Set up a basic record-keeping system

Sales ledger

Guidance

A sales ledger normally records:

  • the sales your business has made
  • the amount of money received for your goods or services
  • money owed (debtors) at the end of each month

It's a useful business-planning tool, enabling you to monitor and chase slow payers and see which customers are most profitable. Also, if you are VAT-registered, it can help you with calculating your VAT liability and submitting your VAT Return. See our VAT section for further guidance.

Sales ledger

DateInvoice
number
CustomerNetVATGrossDate
paid
Payment
type
        

Download the sales ledger spreadsheet (XLS, 19K).

How do I use my sales ledger?

Every time you invoice a customer, record it in the sales ledger - do this regularly, at least once a week. Each week or month, you can add up the total amount of sales invoiced by you, also called turnover (an important business statistic). By recording the amounts paid by customers in the sales ledger, you will also be able to identify the money owed to your business. Any customers who have exceeded your payment terms can then be chased.

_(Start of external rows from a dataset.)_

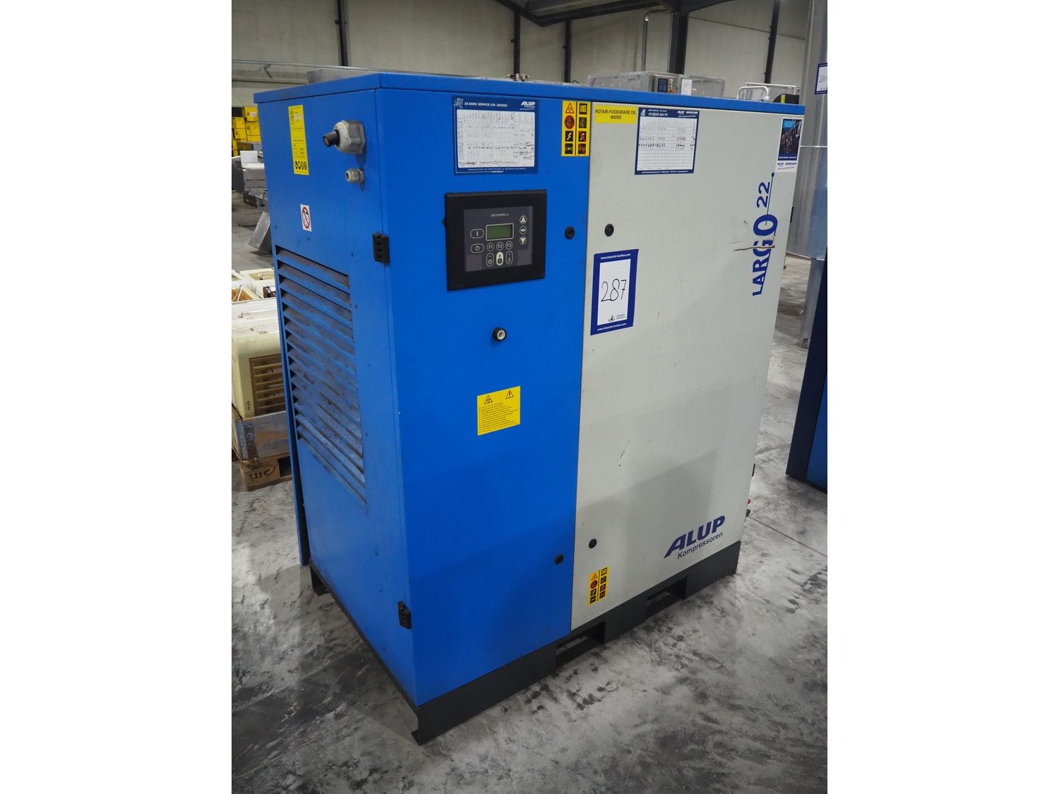 Alup Kompressoren GmbH compressor, type: LARGO 22-10, serial number: CAI465970, year of construction: 2011, 400 V, 3 Ph,50 Hz, 22 kW, 10 bar, weight: 496 kg, dimensions: 1500 mm x 800 mm x 1550 mm.
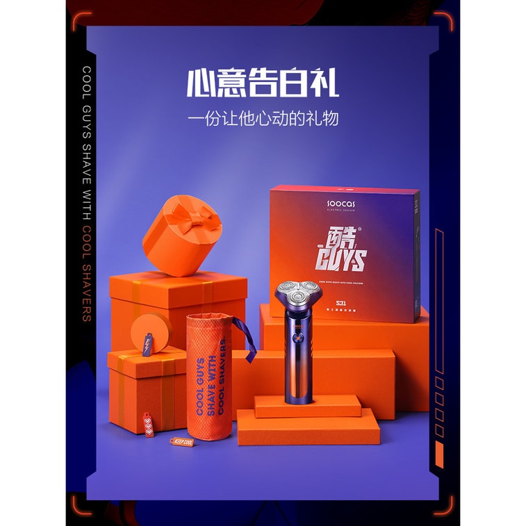 【中国直邮】素士超能自动剃电动剃须刀 S31 紫橙色
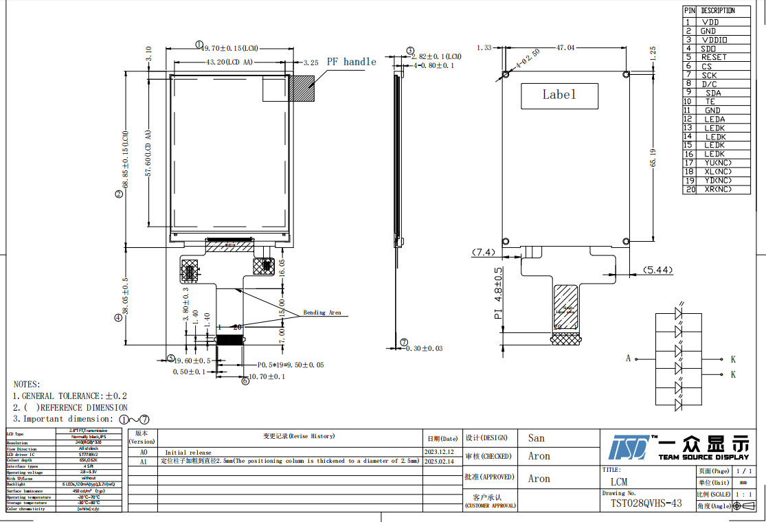 Este módulo de exibição é um TFT (Thin Film Transistor) de matriz ativa colorida do tipo transmissivo display de cristal líquido (LCD). Este módulo é composto por um módulo TFT LCD, um circuito driver e uma unidade de luz de fundo. A resolução de um 2.8 "contém 320*240 pontos e o Área ativa é 43,2 (L) x 57,6 (A)
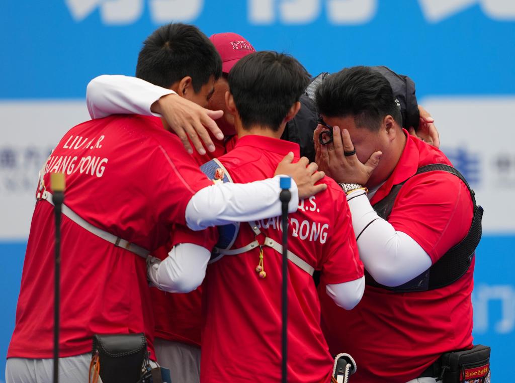 11月19日,广东队选手刘浩然(左)、袁权森(中)、林良文在射箭男子反曲弓团体铜牌赛后庆祝胜利。 新华社记者 郝源 摄
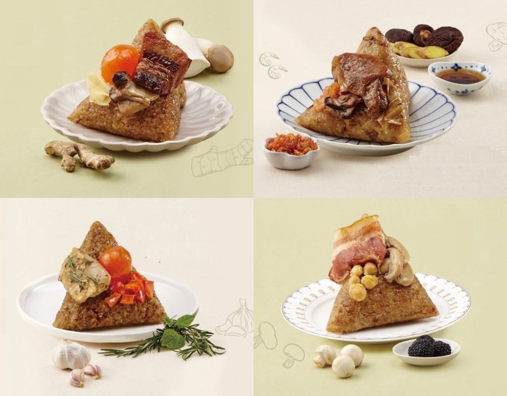 松露培根粽嚴選頂級松露醬及整片西式培根,飄散濃郁松露香氣,具層次豐富高級口感。義式香草雞腿粽以精心佐料調味義式香草雞腿肉,肉質軟嫩多汁,風味撲鼻。4款肉粽都能滿足所有人的味蕾。
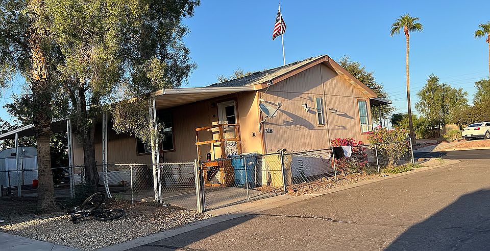 3 bedroom 2 bath mobile home , need some updates (paint, bathrooms ) needs new tile, can be lived in as is. It is in a park the lot rent is $534 a month. Large corner lot beautiful gated quiet family community in buckeye Az, one of the fastest growing cities in the US. Will post pictures later
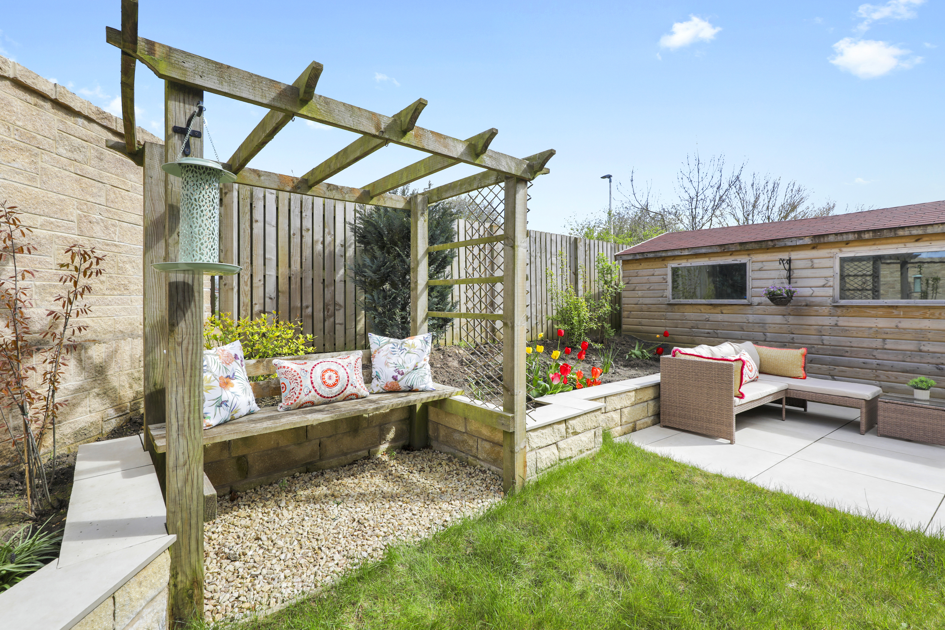 The wonderful rear garden has been landscaped to provide a fantastic entertaining space with a gazebo, patio, lawn and large garden shed with electricity, lighting and cupboards providing ample storage.
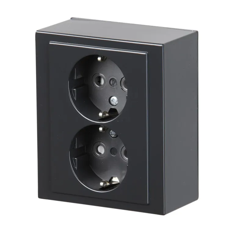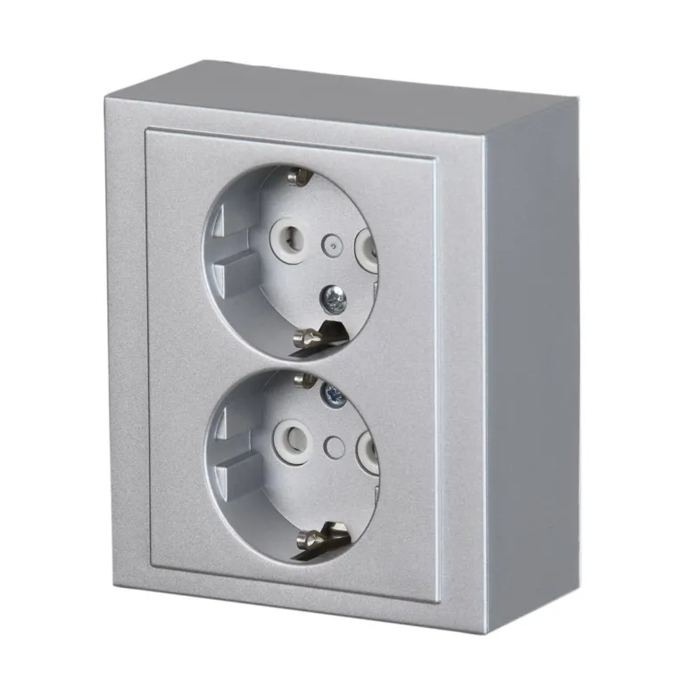 Impressivo -sarjan 2-osainen maadoitettu pistorasia pinta-asennukseen. Pistorasiassa on liittimet kutakin kosketinta kohden ja niihin voi kytkeä max. 4 johtoa (haaroitusmahdollisuus). Liittimet on hyväksytty ML- ja MK -johtimille. Ei potentiaalivapaita liittimiä. Lapsisuojat on integroitu pistorasian runkoon. IP21 -tiiveys saavutetaan vain jos kaapeli tuodaan alhaalta. Jousiliittimet, alumiini.
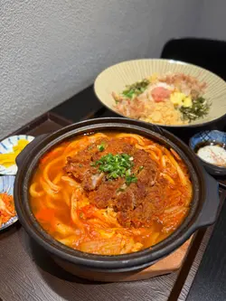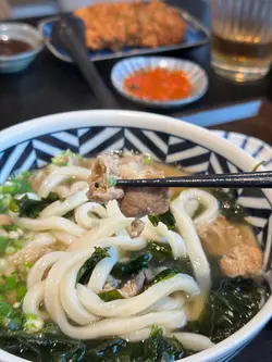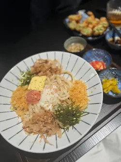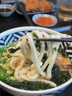 日式炸雞澆汁冷烏冬 ($118) ★★★✰✰逾百元的烏冬有三件炸雞,炸雞不過不失。值得一提是當湯汁倒進碗中,拌勻後天婦羅脆脆已經完全變淋溶掉,令烏冬湯都變得混濁,賣相有點難看。整體而言,這間烏冬價錢定位進取(可能也因為位於商場),質素不見得有一些宣傳帖子所説如此驚豔。而且當日隨着入座人數越來越多,上菜時間便越來越長,第一個餐和最後一個餐的上餐時間相差15分鐘,如果每人一個餐的話在等與不等之間便有點尷尬。…查看更多
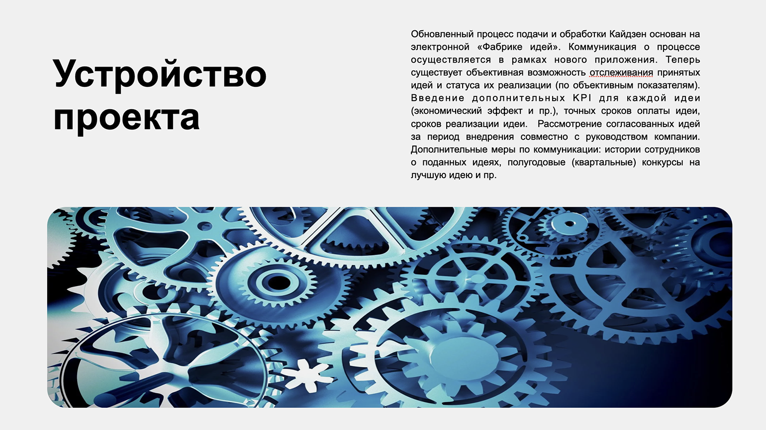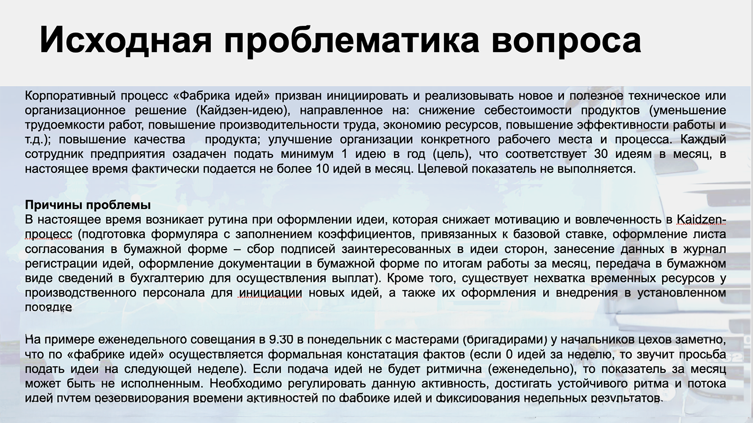 В финале мы остановились на проекте по автоматизации кайдзен-процесса нашей компании. Это было актуально, понятно и давало прямую практическую пользу как в учёбе, так и в работе.
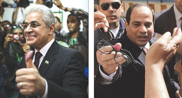 المرشح الرئاسي المشير عبد الفتاح السيسي خلال إدلائه بصوته أمس في لجنته غرب القاهرة.. والمرشح حمدين صباحي محييا أنصاره عقب الإدلاء بصوته في حي المهندسين بالجيزة (أ.ف.ب) (رويترز)
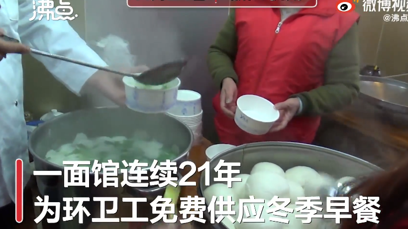 3、面馆老板冬季免费为环卫工供应早餐21年 浙江杭州一面馆从2000年起,每年冬季都会为环卫工人免费供应青菜年糕、稀饭、包子等早餐,如今已近21年。环卫工人们称,老板对大家很好,吃上热乎饭很暖和,为面馆老板点赞。(@沸点正能量)
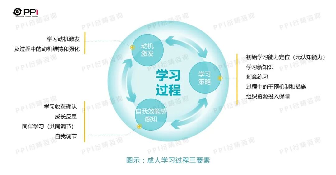 PPI认为企业中的成人学习全过程离不开三个方面,分别是围绕个体学习动机的“全过程”、学习策略设计的“全过程”,以及自我效能感感知的“全过程”。
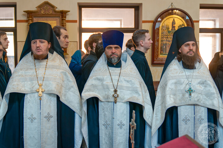 The prayer service was also attended by Metropolitan Augustine of Bila Tserkva and Bohuslav, Chairman of the Synodal Department for Cooperation with the Armed Forces and Other Military Formations of Ukraine; Archbishop Iona of Obukhiv, Chairman of the Synodal Youth Affairs Department; Archbishop Ambrosiy of Zghurivka, Vice-Rector for Educational Work; Abbess Serafima (Shevchyk), Head of the Synodal Department "Church and Culture" and Abbess of the Holy Archangel Michael Monastery in Odesa; as well as professors, students, and seminarians of the Kyiv Theological Academy and Seminary.
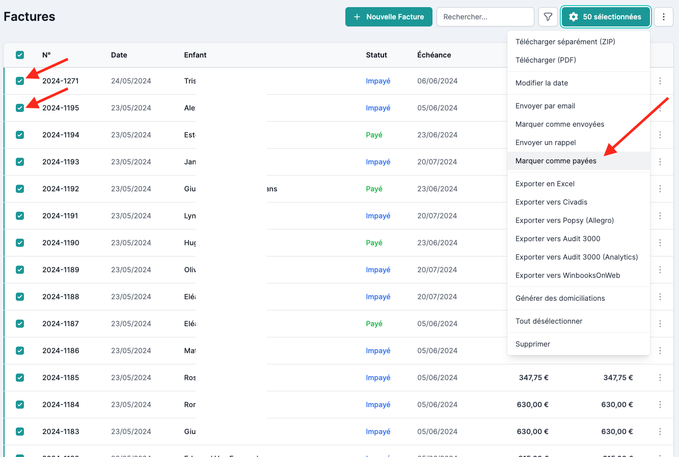 Dans la liste des factures, sélectionnez celles que vous souhaitez marquer comme payées et cliquez sur “Marquer comme payées”.
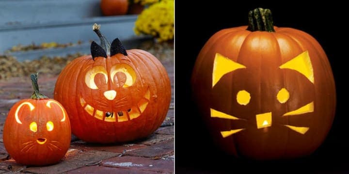 You'll Surely Catch Your Cat's Attention With Furry Friends Carved On Pumpkins. Image: Pinterest
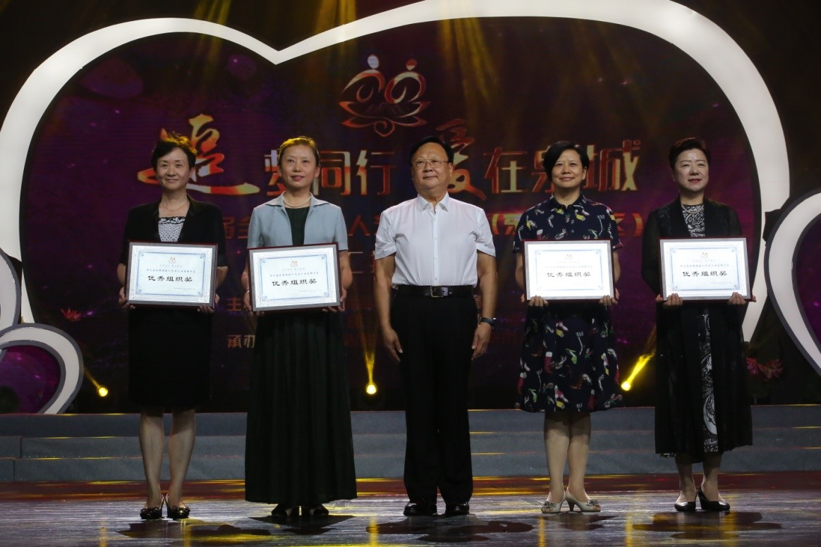 第九届全国残疾人艺术汇演(东部片区)组委会副主任、执委会主任、山东省残联党组书记、理事长仉兴玉向获得优秀表演奖的代表颁奖
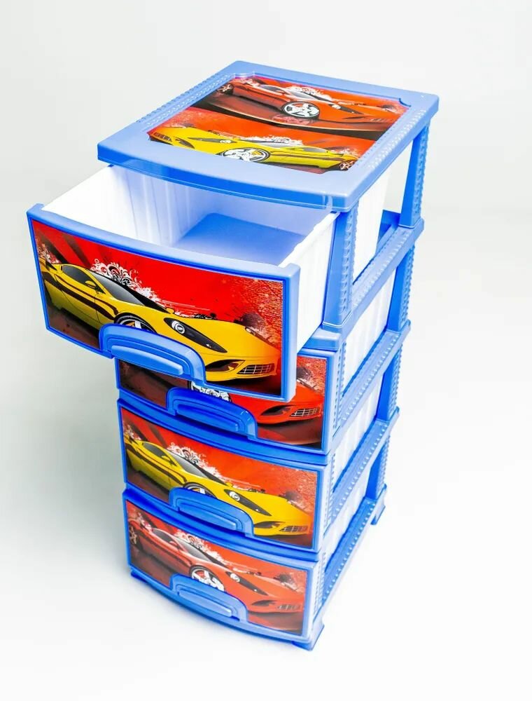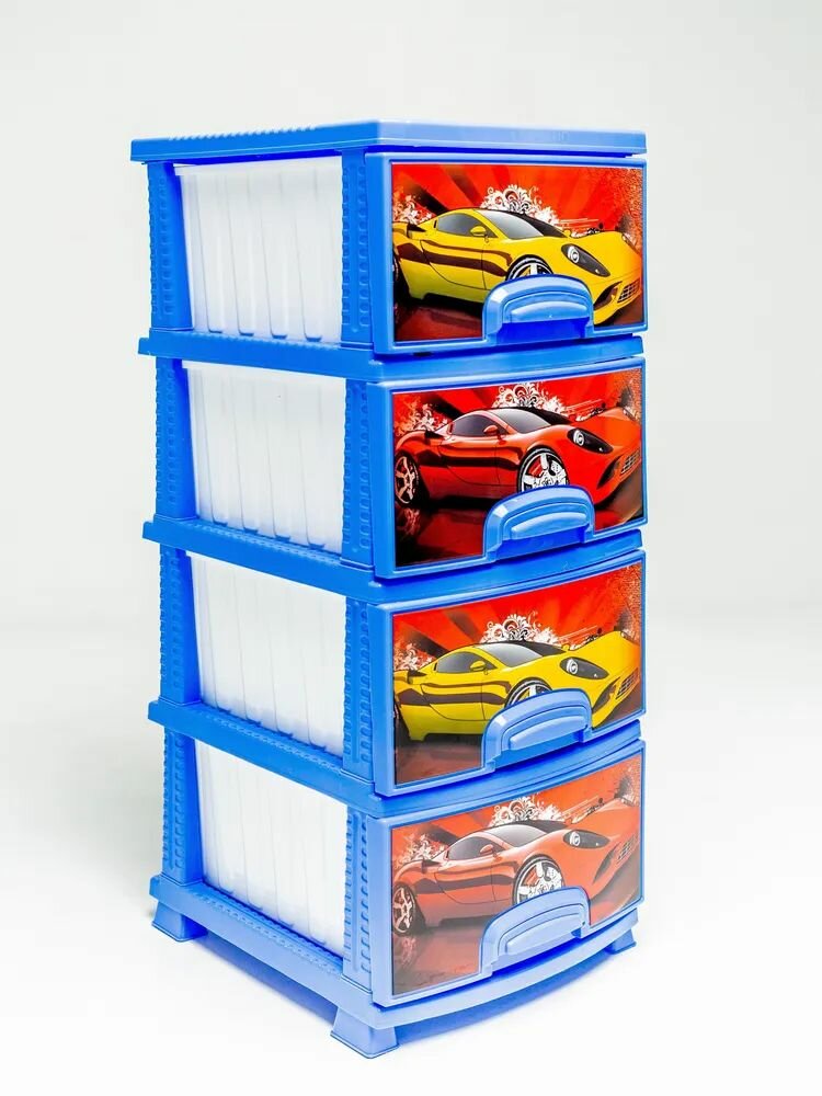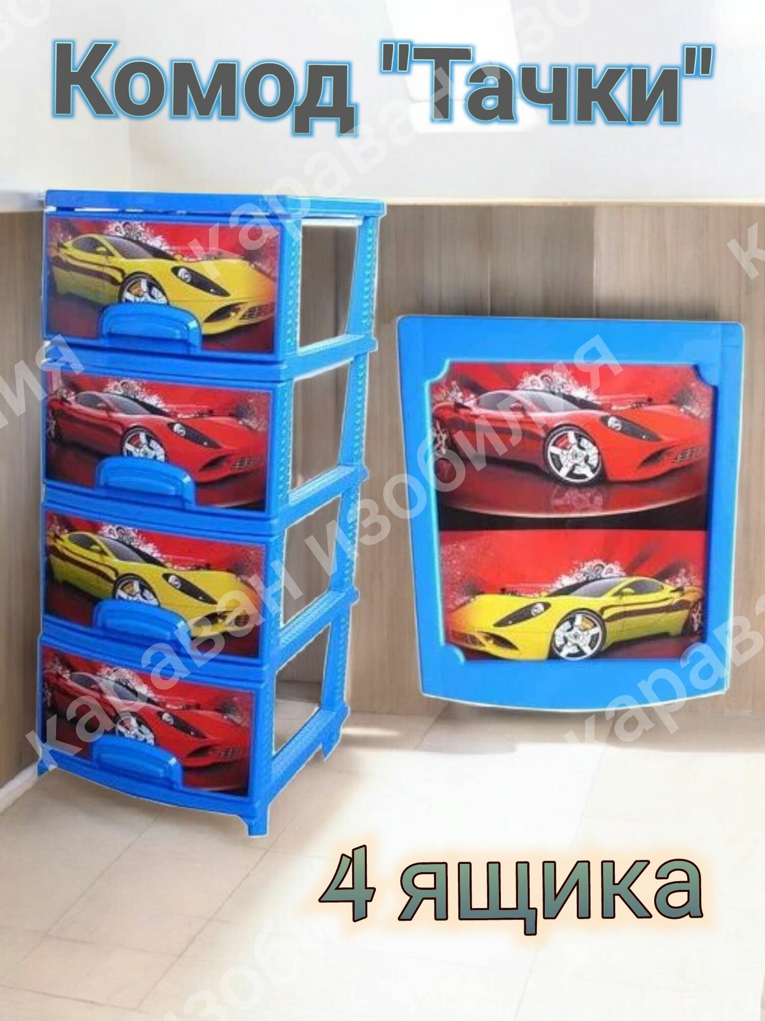 Купить Яркий комод детский комод "Тачки" (голубой) 380*470*950 мм, 4 вместительных ящика
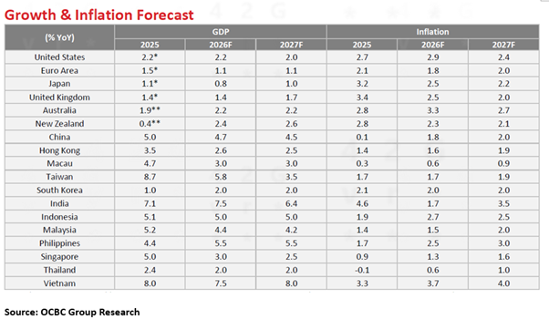 OCBC Group Research maintains its base case for one 25bps fed funds rate cut in 2026 and has pencilled in this expected cut for 1Q26. Thereafter, any additional fed funds rate cuts will probably require inflation to move nearer to Fed’s 2% target.
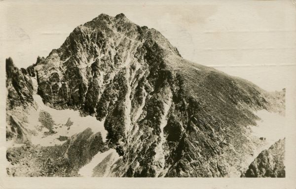 Widok na Rysy i Przełęcz Waga. W prawym dolnym rogu schronisko pod Rysami (schronisko pod Wagą).
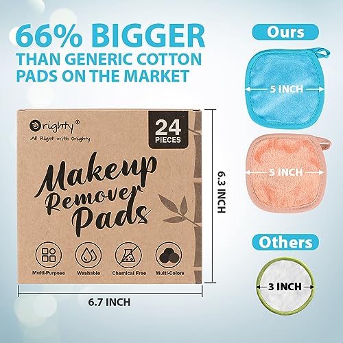 Orighty Reusable Makeup Remover Pads 24 Pack, Microfiber Makeup Remover Cloths Cotton Rounds, Eco-Friendly Face Pads for All Skin Types, Make Up Wipes for Facial Cleansing, Ideal for Women 5 x 5’’

If you choose to use accounting software, the process of identifying overdue payments will be quicker and easier. See digital financial records.

If you are not VAT-registered, then you do not need the 'Net' and 'VAT' columns.

Keeping records of invoices

To support your sales ledger, you need to keep copies of your invoices. These must be kept on file or in digital format for six years. It will assist in tracing sales invoices if you give each sales invoice a number and record this number against an entry in the ledger.

If any of your customers have both cash and invoiced sales, the sales ledger can be used to record both. In these cases, the cash sales are normally recorded in the sales ledger on a daily basis and should be supported by till receipts or any other record issued to the customer. The entry in the sales ledger can just say 'cash sales' in the customer column.